═════ Data for review

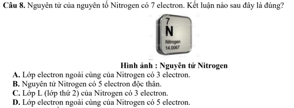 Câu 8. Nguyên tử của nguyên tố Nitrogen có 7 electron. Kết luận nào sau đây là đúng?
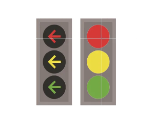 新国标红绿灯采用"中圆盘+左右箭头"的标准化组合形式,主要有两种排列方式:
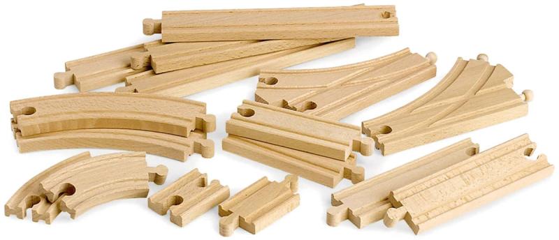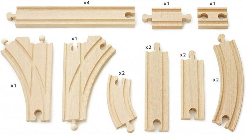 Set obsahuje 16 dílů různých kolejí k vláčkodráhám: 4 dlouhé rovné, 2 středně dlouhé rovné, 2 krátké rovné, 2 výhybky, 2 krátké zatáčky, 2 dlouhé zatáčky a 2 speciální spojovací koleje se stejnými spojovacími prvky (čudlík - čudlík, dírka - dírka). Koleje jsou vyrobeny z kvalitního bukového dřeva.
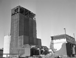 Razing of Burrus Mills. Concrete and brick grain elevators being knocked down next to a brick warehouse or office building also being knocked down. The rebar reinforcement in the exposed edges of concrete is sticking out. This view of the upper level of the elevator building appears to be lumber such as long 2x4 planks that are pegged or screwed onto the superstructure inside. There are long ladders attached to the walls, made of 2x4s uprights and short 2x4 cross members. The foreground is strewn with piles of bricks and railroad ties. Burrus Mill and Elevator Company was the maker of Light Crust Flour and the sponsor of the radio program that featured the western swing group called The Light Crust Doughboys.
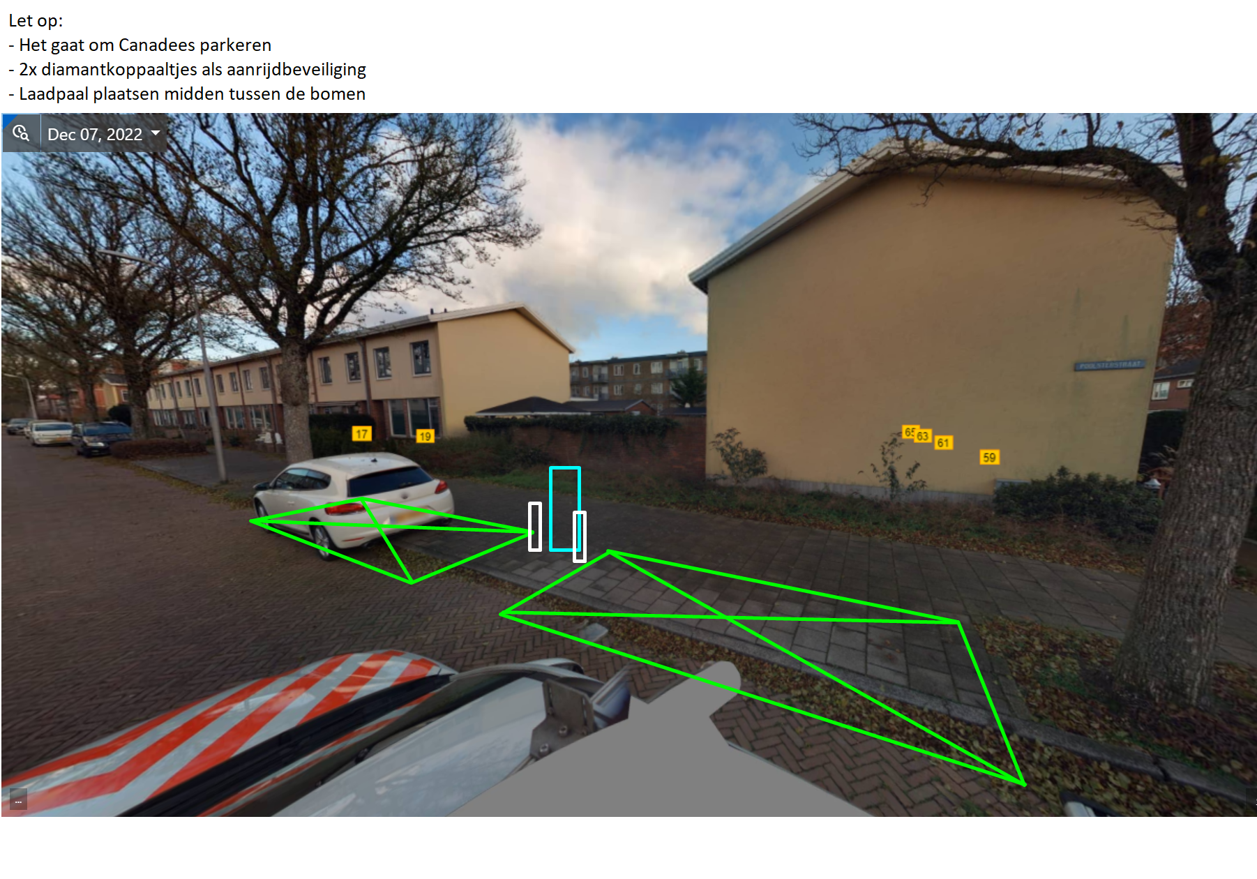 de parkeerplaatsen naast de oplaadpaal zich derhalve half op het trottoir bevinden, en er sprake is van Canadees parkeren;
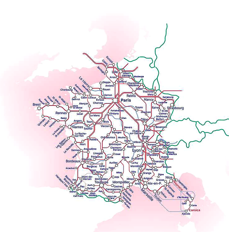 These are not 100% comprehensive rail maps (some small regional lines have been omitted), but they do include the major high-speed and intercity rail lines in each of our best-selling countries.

══════════

How to complete this task: Print the data once more without any change, skipping each picture.

Solved exercise:
 Câu 8. Nguyên tử của nguyên tố Nitrogen có 7 electron. Kết luận nào sau đây là đúng?
 新国标红绿灯采用"中圆盘+左右箭头"的标准化组合形式,主要有两种排列方式:
 Set obsahuje 16 dílů různých kolejí k vláčkodráhám: 4 dlouhé rovné, 2 středně dlouhé rovné, 2 krátké rovné, 2 výhybky, 2 krátké zatáčky, 2 dlouhé zatáčky a 2 speciální spojovací koleje se stejnými spojovacími prvky (čudlík - čudlík, dírka - dírka). Koleje jsou vyrobeny z kvalitního bukového dřeva.
 Razing of Burrus Mills. Concrete and brick grain elevators being knocked down next to a brick warehouse or office building also being knocked down. The rebar reinforcement in the exposed edges of concrete is sticking out. This view of the upper level of the elevator building appears to be lumber such as long 2x4 planks that are pegged or screwed onto the superstructure inside. There are long ladders attached to the walls, made of 2x4s uprights and short 2x4 cross members. The foreground is strewn with piles of bricks and railroad ties. Burrus Mill and Elevator Company was the maker of Light Crust Flour and the sponsor of the radio program that featured the western swing group called The Light Crust Doughboys.
 de parkeerplaatsen naast de oplaadpaal zich derhalve half op het trottoir bevinden, en er sprake is van Canadees parkeren;
 These are not 100% comprehensive rail maps (some small regional lines have been omitted), but they do include the major high-speed and intercity rail lines in each of our best-selling countries.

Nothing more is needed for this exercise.